## WHAT YOU HAVE TO DO
What are the lines below, starting at the line containing "['계양천산책로' 입구] 1:11" and ending at the line containing "Neutraal geboortekaartje in"? Write them out exactly, ends included, without pictures.

## INPUT MATERIAL
•••••
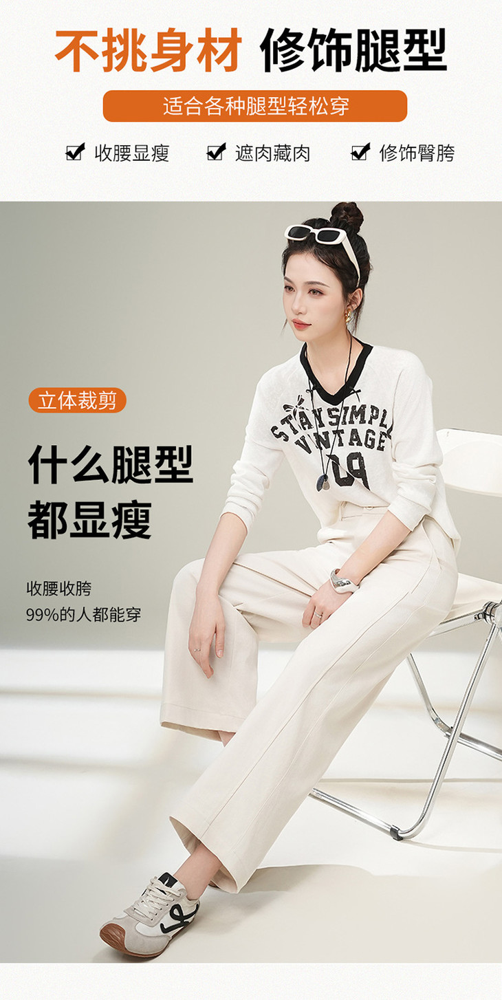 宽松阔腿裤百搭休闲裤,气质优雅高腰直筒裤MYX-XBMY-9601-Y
•••••
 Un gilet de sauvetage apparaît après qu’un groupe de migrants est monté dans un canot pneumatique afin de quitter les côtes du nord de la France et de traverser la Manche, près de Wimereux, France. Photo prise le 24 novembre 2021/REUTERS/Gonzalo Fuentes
•••••
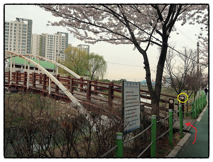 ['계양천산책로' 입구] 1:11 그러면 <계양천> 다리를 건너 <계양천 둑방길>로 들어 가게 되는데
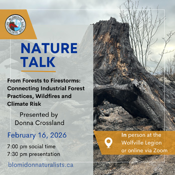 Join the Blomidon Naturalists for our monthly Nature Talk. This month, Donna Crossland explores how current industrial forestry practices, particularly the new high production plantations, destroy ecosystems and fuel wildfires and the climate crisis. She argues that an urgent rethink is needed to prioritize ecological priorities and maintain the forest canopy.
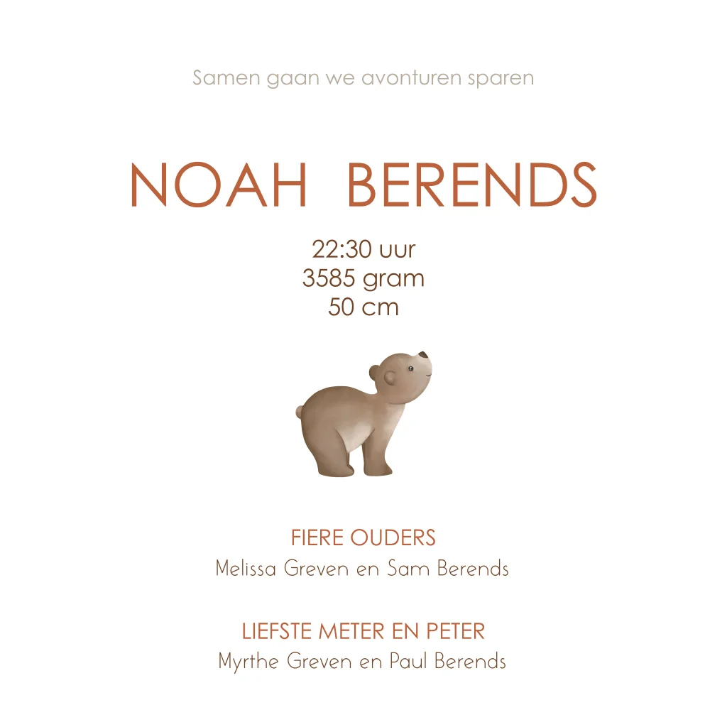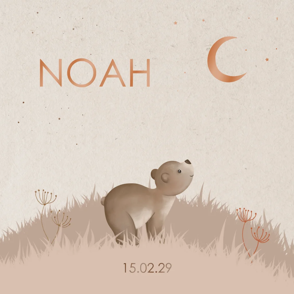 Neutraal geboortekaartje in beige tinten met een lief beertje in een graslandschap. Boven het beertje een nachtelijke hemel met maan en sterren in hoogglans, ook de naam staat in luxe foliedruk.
•••••
## RESULT
 ['계양천산책로' 입구] 1:11 그러면 <계양천> 다리를 건너 <계양천 둑방길>로 들어 가게 되는데
 Join the Blomidon Naturalists for our monthly Nature Talk. This month, Donna Crossland explores how current industrial forestry practices, particularly the new high production plantations, destroy ecosystems and fuel wildfires and the climate crisis. She argues that an urgent rethink is needed to prioritize ecological priorities and maintain the forest canopy.
 Neutraal geboortekaartje in beige tinten met een lief beertje in een graslandschap. Boven het beertje een nachtelijke hemel met maan en sterren in hoogglans, ook de naam staat in luxe foliedruk.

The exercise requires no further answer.